Since this voltage is only a partial voltage, the capacitor must still have a considerable size. As a result, the loading and reloading time will turn relatively long. The holding resistance cannot be chosen arbitrarily small, otherwise if the pulse contact is still closed and the relay has already dropped out, the Residual current becomes too large and can cause the relay to respond. The resistance combination must therefore be dimensioned with a very high resistance, so that in this case the relay at most Receives fault current.

It is well known that these high-value resistances influence the processable Pulse repetition frequency is disadvantageous again.

If, on the other hand, the resistances are made smaller, this is a prerequisite for safe dual counting with a higher pulse repetition frequency with this clock circuit, that the pulse contact only closes very briefly. This is especially for the construction of a relay chain with such clock circuits is necessary because then yes, each relay has a pulse contact designed as a wiping contact to control the must have the following counting level. On the other hand, if you only use a normal one Impulse contact, the resistor combination and the relay would take too long too large a current is flowing, which makes the clock circuit unsafe.

The invention is based on the object of a bistable clock circuit as a counting stage of the type mentioned to create that with less effort on simple and conventional switching means, counting and storing of unipolar ones Pulses with a higher pulse repetition frequency are guaranteed with full utilization of the Switching speed of the relay, with mechanical stresses and voltage fluctuations do not cause any disturbance.

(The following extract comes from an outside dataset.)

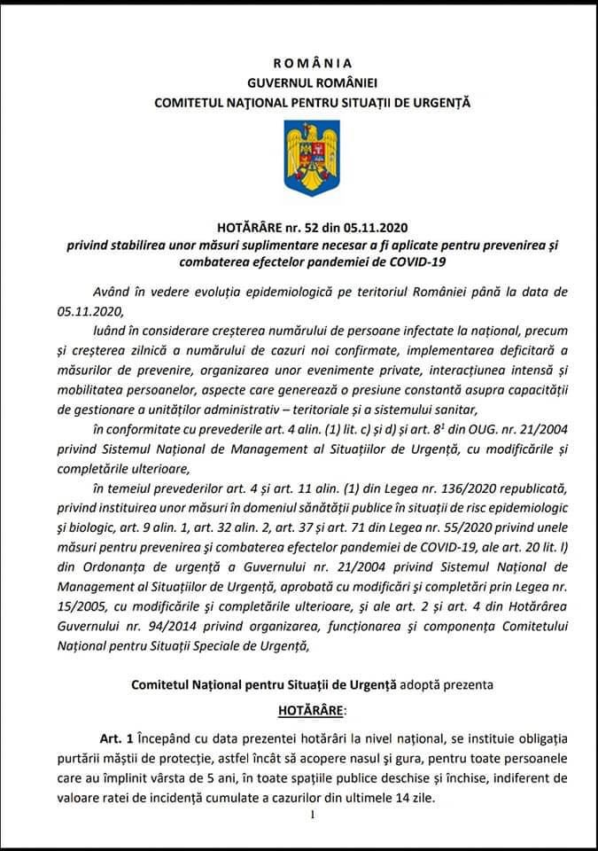 Art. 1 Începând cu data prezentei hotărâri la nivel național, se instituie obligația purtării măștii de protecție, astfel încât să acopere nasul şi gura, pentru toate persoanele care au împlinit vârsta de 5 ani, în toate spațiile publice deschise și închise, indiferent de valoare ratei de incidență cumulate a cazurilor din ultimele 14 zile.

This is essentially achieved in that the pulse contact is designed as a changeover contact, via which it is not connected to the relay Side of the capacitor is connected to the center spring of the relay's changeover contact and can be connected directly to a special charging or recharging current source. The relay, on the other hand, switches with its holding contact via the holding resistor to a special holding power source.

The capacitor is preferably in an AC branch and that Relay connected in a DC circuit. When a relay chain is formed Another changeover contact of each relay as a pulse contact of the respective assigned downstream counting level.

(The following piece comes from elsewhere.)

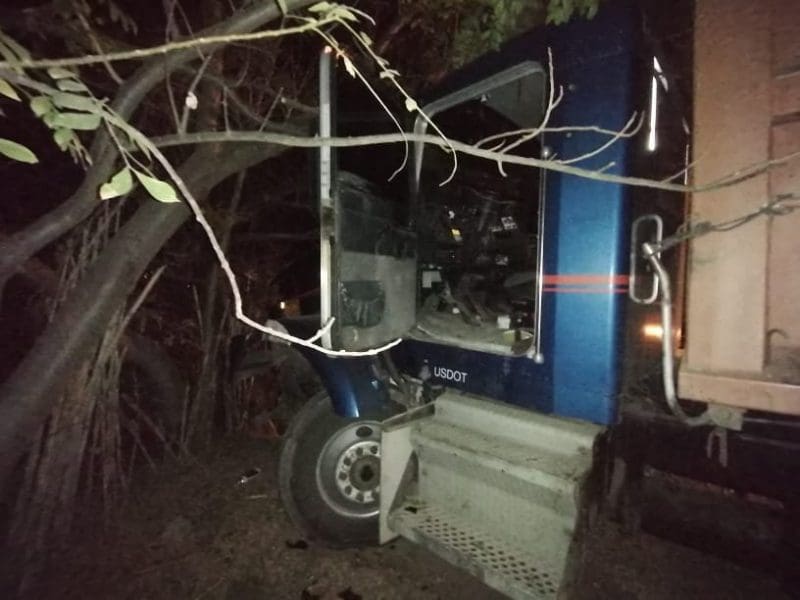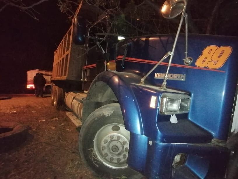 El otro vehículo involucrado es un camión tipo volteo de la marca Kenworth cabina color azul con franja color rojo y caja del mismo color, con placas de circulación del Estado de Michoacán, conducido por un ciudadano de 25 años de edad, con domicilio en calle Jacarandas.

The invention is based on the embodiments shown in the drawings explained.

F i g. 1 shows a counting stage; F i g. 2 shows a relay chain according to of the invention, and FIG. 3 is a relay diagram of this relay chain. The in F i g. 1, the switching state shown is a capacitor 1 via a diode 2 so charged that the negative pole is on the contact side.

If a pulse contact 5 is actuated by the first pulse, the capacitor 1 is discharged via a relay 6 , so that it is triggered and thus holds itself via its contact 61 and a resistor 4. By switching the relay 6, a changeover contact 62 has also been switched from the diode 2 to a diode 3. When the pulse contact 5 is switched back from the position 51 to the starting position, the capacitor 1 is charged via the diode 3 with the opposite polarity.

When the pulse contact 5 is switched again, the capacitor discharges 1 again via relay 6.

However, since the discharge current of the capacitor 1 is opposite to the holding current of the relay 6 in this case, the relay 6 is thrown off. The current through the relay 6 becomes approximately zero when the discharge current of the capacitor 1 is the same as the holding current of the relay 6.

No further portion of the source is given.